I also learned a lot by talking to the other representatives. They told me what they loved about their work, and they shared ideas for making the campus event even better. I really enjoyed chatting with other IBMers who were also passionate about what they do. =)
I think it was a good event. We helped some people who hadn’t originally considered working for such a large company see the benefits of doing so, and we answered lots of people’s questions. I’d do it again. It was a good experience, and next time, I’d probably find it easier to start the conversations!
2 comments
Gordon Rae
2009-01-13T11:30:37ZWhat a really cool presentation. It makes IBM look awesome, and it gives the candidates useful advice.
Rohan Jayasekera
2009-01-14T23:29:22ZI suspect that IBM's inclusiveness in choosing technologies regardless of who made them has been a major contributor to its current success. A few decades ago (Google is unable to tell me just when), IBM had one of the best taglines ever: "The way we put it all together is what sets us apart." As true today as it was then.
Incidentally, IBM has been one of the most positive forces in my life. When I was in primary school in the mid-1960s, we used the SRA Reading Laboratory Kit, a colour-coded (for the different levels of difficulty) reading-education system from Science Research Associates, which had recently been acquired by IBM, and that's still being sold today. It was a joy to use and was my first example of great product design. Later, when I entered high school in 1971, my school happened to have access to an online service based on IBM's pioneering APL\360 system (the first successful timesharing system for any IBM computer, which gained its young developers the ACM's Grace Murray Hopper Award). APL was a mathematically-based programming language created by IBM's Ken Iverson (later an IBM Fellow and Turing Award recipient), and its presence in my high school was thanks to his interest in using it for the teaching of math; when I spoke at a memorial upon his death in 2004 I introduced myself as one of his experiments. I was an APL programmer for a bunch of years (and began tagging my emails in 1979, writing the software myself, along with a chat program and other things -- no need to write an IM client as it was built into the system), and moved to Toronto to work at the head office of APL-based company I.P. Sharp Associates (since bought by and merged into Reuters). Eventually three of us who had worked there, and understood living online, created the world's first easy-to-use Internet service, Sympatico.

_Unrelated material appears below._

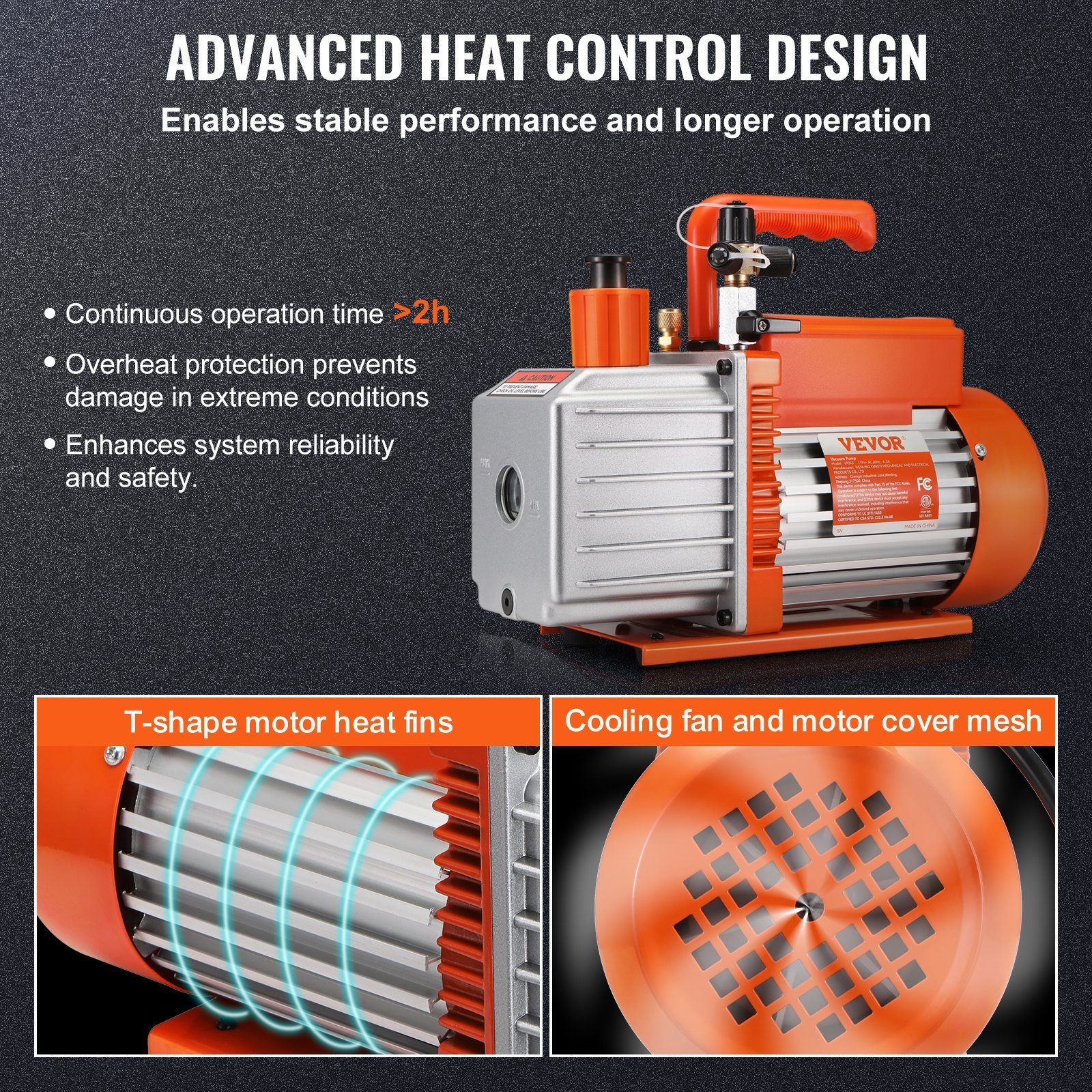 Take on the Heat: Say goodbye to constant downtime with our innovative 2-stage vacuum pump! The T-shaped heat sink and cooling fan help the pure copper motor to effectively dissipate heat, allowing it to work continuously for over 2 hours. And with added overheat protection, you can enjoy stabilized performance and longer service life for your motor.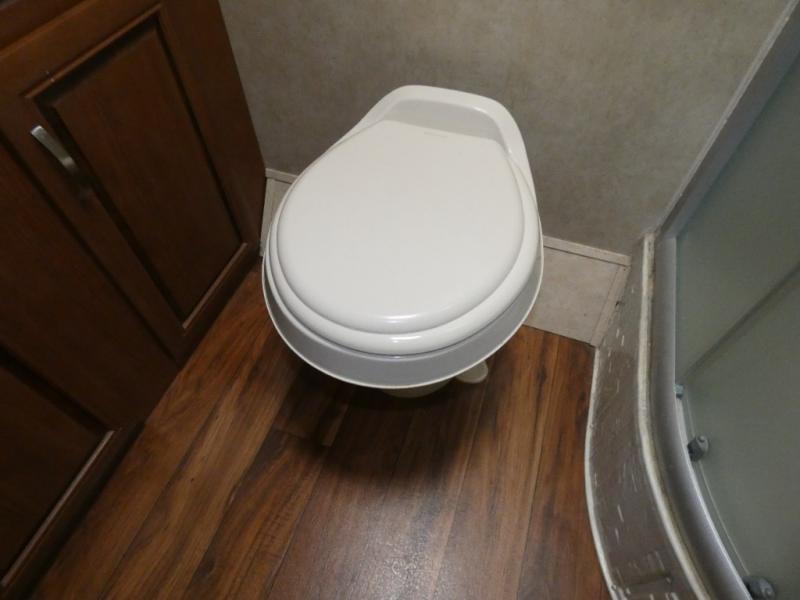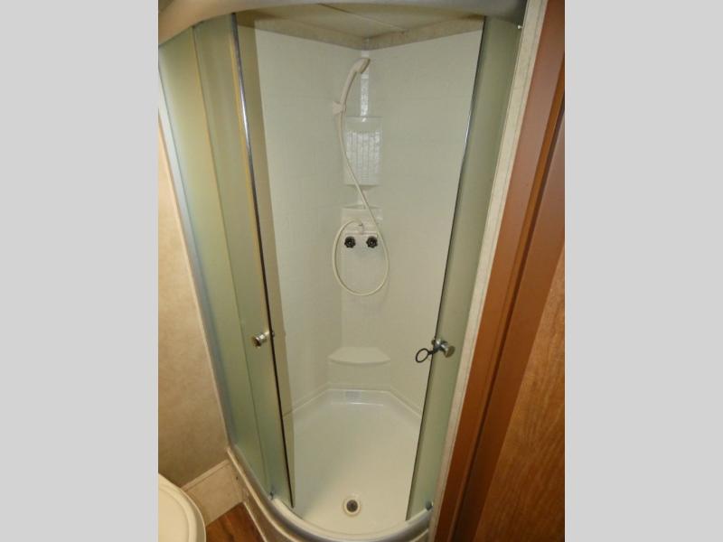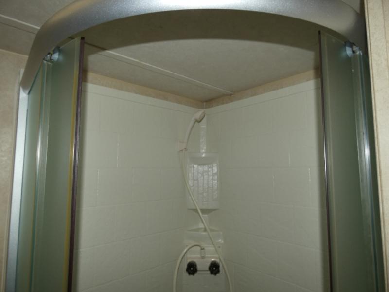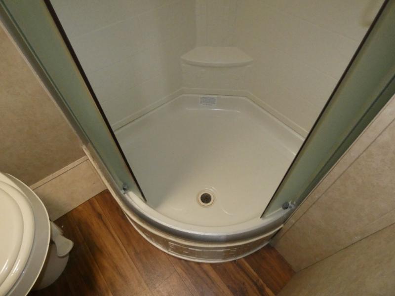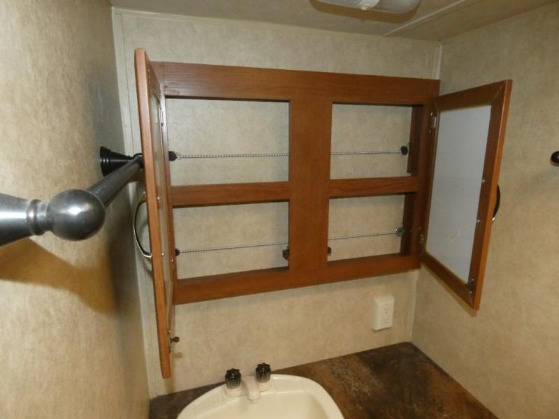 In the rear of the trailer you will find a bathroom with a neo-angle shower, toilet, sink, and medicine cabinet.

I'm sad that APL has largely faded away. However, it lives on in my IBM 5100, a personal computer that IBM launched in 1975 (before Apple launched *anything*) and that ran APL and/or BASIC -- in both cases, the code was well-tested mainframe code, thanks to the 5100's being implemented as a tiny IBM 370 via microcode (its tape drive was even controlled via 370 channel commands). Of course, my usual computer isn't my 5100; it's my 5-year-old IBM ThinkPad R40, with its marvellous pointing stick in the middle of the keyboard.